Après débats à l’audience du 07 mars 2025, a rendu l’ordonnance de référé suivante, mise à disposition conformément à l’article 450 et suivants du Code de Procédure Civile, les parties ayant été avisées préalablement ;
ENTRE :
DEMANDERESSE
Commune de [Localité 8], dont le siège social est sis [Adresse 6], prise en la personne de son représentant légal domicilié en cette qualité audit siège
représentée par Maître Stéphanie DUARTE de la SCP VPNG, avocats au barreau de TOULOUSE
ET
DÉFENDEURS
Monsieur [O] [S]
demeurant [Adresse 3]
non comparant, ni représenté
Madame [F] [G]
demeurant [Adresse 3]
non comparante, ni représentée
RAPPEL DES FAITS
La commune de [Localité 8] est propriétaire d’un immeuble situé [Adresse 4].
Selon procès-verbal du 12 novembre 2024, un commissaire de justice a constaté la présence d’individus se présentant comme occupants des lieux et indiquant se nommer M. [O] [S] et Mme [F] [G], lesquels ont déclaré être dans les lieux depuis le 04 octobre 2024, le premier avec ses cousins et la seconde avec ses enfants.
Une sommation de déguerpir leur a été délivrée par acte d’huissier de justice le 12 décembre 2024.
Par ordonnance en date du 14 février 2025 rendue par la première vice-présidente du tribunal judiciaire de Toulouse, juge des contentieux de la protection, la commune de Toulouse a été autorisée à assigner en référé d’heure à heure M. [O] [S] et Mme [F] [G] devant le juge des contentieux de la protection de céans pour l’audience du 07 mars 2025.

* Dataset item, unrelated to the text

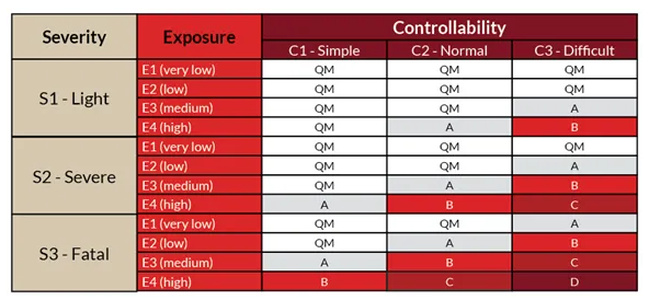 세 가지 매개변수를 조합하면 아래 표에 설명된 대로 ASIL 수준이 결정됩니다.
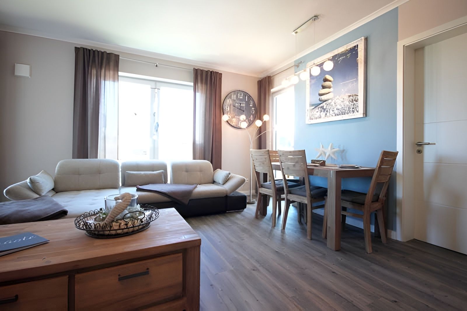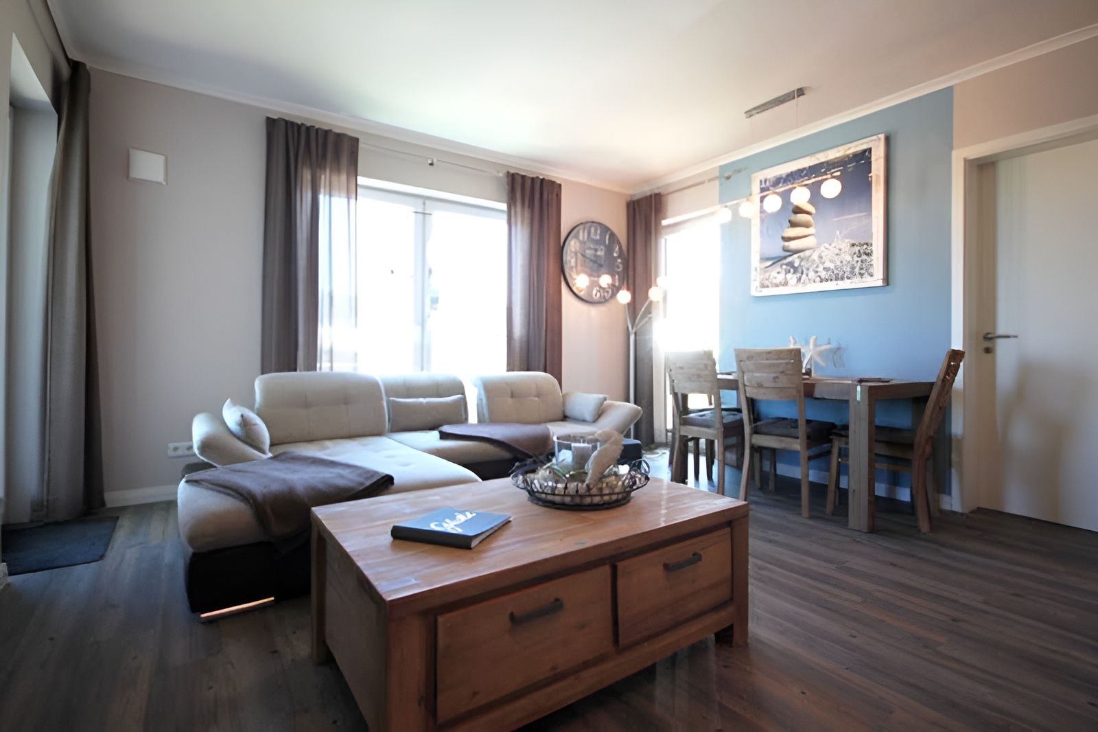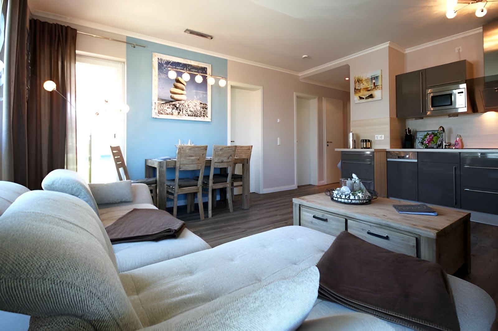 Die Wohnung befindet sich im Erdgeschoss der Residenz am Meer und verfügt über

Par exploit de commissaire de justice du 19 février 2025, la commune de [Localité 8] a assigné M. [O] [S] et Mme [F] [G] devant le juge des contentieux de la protection statuant en référé, sollicitant :
— l’expulsion de M.[O] [S] et Mme [F] [G], occupants sans droit ni titre, ainsi que de tout occupant de leur chef, avec l’assistance de la force publique et sous astreinte personnelle de 500 euros par jour de retard à compter de l’expiration d’un délai d’un jour après la signification de la décision à intervenir, et de se réserver la liquidation de l’astreinte,
— l’enlèvement et la séquestration des meubles présents dans le local,
— la condamnation solidaire de M. [O] [S] et Mme [F] [G] au paiement des sommes suivantes :
* la somme de 1500 euros chacun à titre d’indemnité provisionnelle,
* la somme de 1500 euros au titre de l’article 700 du Code de procédure civile,
* aux dépens, en ce compris les frais de commissaire de justice.
A l’audience du 07 mars 2025, la commune de [Localité 8], représentée par son conseil, maintient les demandes de son assignation.
Au soutien de ses demandes, sur le fondement des articles 834 et 835, elle expose que M.[O] [S] et Mme [F] [G] sont occupants sans droit ni titre et qu’ils doivent être expulsés, compte-tenu de l’atteinte au droit de propriété ainsi que de l’existence de troubles à l’ordre public au préjudice du groupe scolaire attenant. Elle affirme que les enfants scolarisés ont été témoins d’altercations violentes devant le portail de l’école et que des excréments ont été retrouvés sous le préau le 11 février 2025, outre la découverte fréquente de bouteilles vides, de couvertures et de déchets divers au niveau des espaces verts fréquentés par les élèves. Elle estime également que l’occupation sans droit ni titre constitue un trouble manifeste qu’il convient de faire cesser, le propriétaire ne pouvant disposer de son bien et qu’il convient d’assortir l’expulsion d’une astreinte pour exécuter la décision dans les meilleurs délais. Sur l’indemnité d’occupation, elle sollicite qu’elle soit fixée à la somme de 1500€, considérant l’occupation des lieux depuis le 04 octobre 2024, selon les dires des occupants eux-mêmes.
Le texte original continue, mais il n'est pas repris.